The quality management layer building comprises metadata checking, data quality and data standards.
In some embodiments of the present invention, the metadata check is to perform a comprehensive check on definition, organization, precision of the data and a relationship between the data, based on normalization, integrity, and correctness of the data, to determine whether the data meets quality requirements, and the metadata check includes:
1. metadata consistency check
According to common data storage types, metadata consistency check mainly completes object-level record consistency check and data consistency check of field-level numerical values, time and character types, namely conventionally-mentioned table-level count, sum of the field-level numerical values, time type difference sum and checksum of the character types.

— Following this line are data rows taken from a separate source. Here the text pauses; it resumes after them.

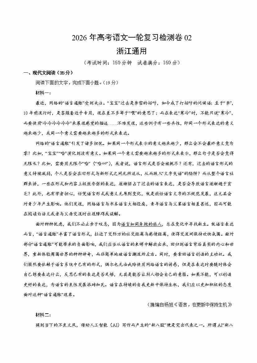 高考语文一轮复习检测卷02(浙江通用)(学生版)
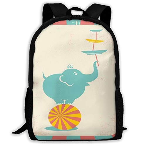 Title: Adult Travelc Laptop BackpackGrungy Background With Rays Of Beams And Elephant Holding Plates Standing In BalanceCollege School Computer Bookbag
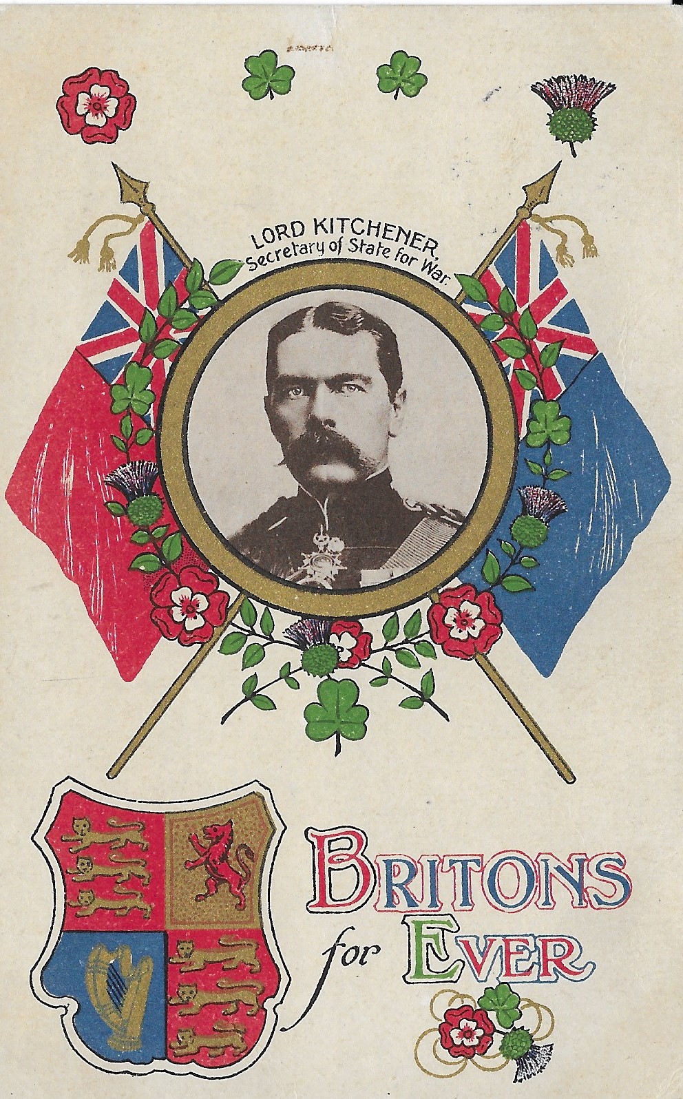 제1차 세계 대전이 발발하자 애스퀴스 총리는 키치너를 즉시 육군 장관으로 임명했다.[42] 영국 내각의 반대에도 불구하고 키치너는 최소 3년 이상 지속될 장기전, 독일을 격파하기 위해 막대한 규모의 새로운 군대가 필요할 것이며, 종전 전에 엄청난 사상자가 발생할 것이라고 정확하게 예측했다. 대규모 제1차 세계 대전 중 영국 육군으로의 징병 캠페인이 시작되었고, 곧 잡지 표지에서 따온 키치너 경, 당신을 원합니다의 키치너의 독특한 포스터가 등장했다. 이 포스터는 많은 자원병을 장려했을 가능성이 있으며, 이후 여러 번 복제되고 패러디되면서 전쟁의 가장 오래 지속되는 이미지 중 하나가 되었다.

2. Metadata attribute checking
The attribute item checking method comprises the following steps: number of attribute items, attribute item definition
The attribute value checking method comprises the following steps: checked by the nature of the attribute values. I illegal character check, non-null check, frequency method check, fixed length check.
3. Metadata quality reporting
After consistency check and attribute check are carried out on the metadata, a metadata quality report is generated, and quality problems and solutions existing in the metadata are explained in detail.
4. Metadata normalization checks
After the metadata quality problem is solved, the metadata needs to be subjected to normative check, including metadata standard specification and the like.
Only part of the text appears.